Similarly inspiring and tragic but in entirely different ways is Danny Gatton. Proving perhaps more than anybody that, in the right hands, a simple Telecaster really can do anything, Gatton developed a reputation as a ‘player’s player’. Known somewhat excellently within guitar circles as The Humbler (step onto a stage with him at your peril etc), Gatton was loved and revered by a relatively small number of people in the late 80s. However, this is what one of those people had to say about Gatton:

“Danny Gatton comes closer than anyone else to being the best guitar player who ever lived”.

That was Steve Vai who said that, and he should know, frankly. Gatton used a variety of Teles but his blonde 1953 model seems to be the one he loved the most. Sadly, his growing reputation and respect fell of deaf ears, primarily his own. Fighting with depression for his entire adult life, Gatton ended his life in 1994, aged 49. What he left behind still resonates fiercely with those who seek his music out.

 

 

Roy Buchanan

Another fan of the 1953 Blonde Telecaster was Leroy ‘Roy’ Buchanan. His beautiful, lyrical style influenced a generation of lead guitarists to play with more melody and feel. His stunning sound came from his Telecaster into a Fender Vibrolux amp, with everything turned right up. Buchanan would then control proceedings with his guitar’s volume and tone controls.

He taught a young Joe Bonamassa.
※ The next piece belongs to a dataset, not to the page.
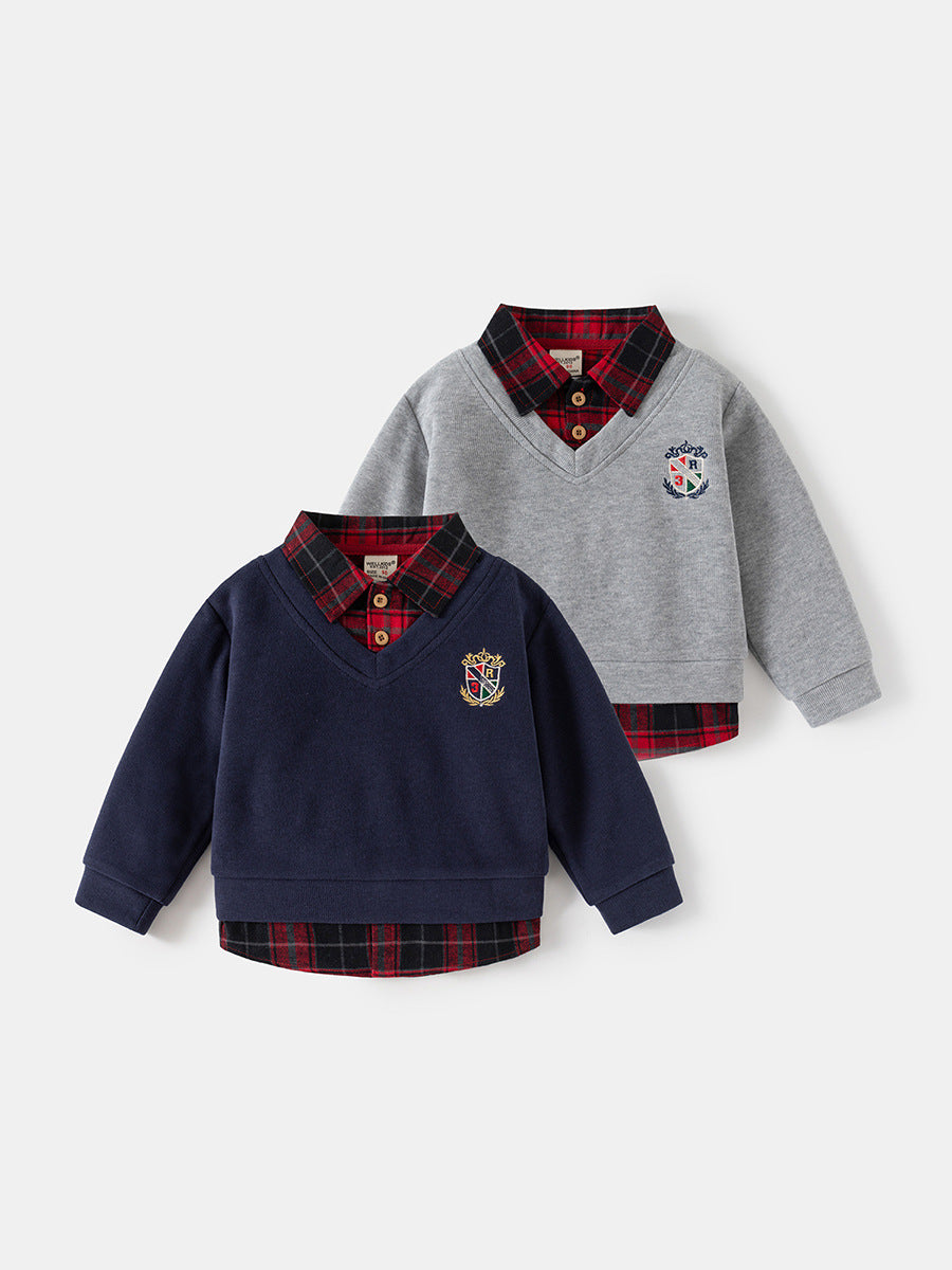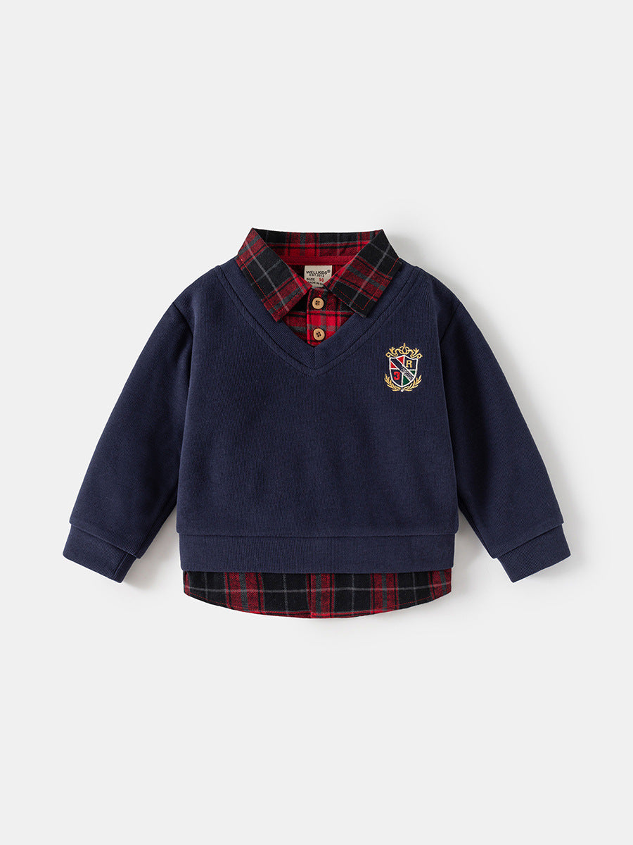 Boys' Layered Look Sweatshirt - Trendy Long-Sleeve Top for Kids 2025

He referred to pinched harmonics (he was brilliant at them) as ‘overtones’ and he called his main ’53 Tele ‘Nancy’. File Roy Buchanan under ‘Good Guy’.

 

 

Frank Black

It’s not all about lovely lead playing here: as we know, the Butterscotch Blonde Telecaster is one of the meanest rhythm machines in the business, and nobody proves this better than the Pixies’ main man Frank Black/Black Francis/Charles Thompson. Whatever you want to call him, he is one of the most influential musicians of the last 40 years. Blending Dust-Bowl Americana with Ufology and Surrealism, Frank Black’s writing is as panoramic as it is idiosyncratic.

With Joey Santiago providing some resolutely unorthodox lead guitar on a variety of Gibsons, Black is free to provide contrast, context and propulsion with his glorious vintage Tele tone and tight sense of rhythm. As humble and workmanlike in his approach as he is, he is no less significant than the rest on our list today.

 

 

Honourable Mentions

There are undoubtedly more Blonde Tele players out there than our brief list can support, so honourable mentions go out to the following:

  • Jeff Beck
  • Bill Frissell
  • Graham Coxon
  • Steve Cropper
  • Mike Stern

Can you think of more? Let us know! Famous Telecaster obsessive John 5 probably has about 8 of them, but he’s hardly seen playing a Blonde model, so he is relegated!

As we have seen, the Telecaster knows no genre or style limits, and shows no signs of waning in popularity. Whilst many colours and variations are now available, nothing quite tops the original blonde badass itself, the Butterscotch Telecaster.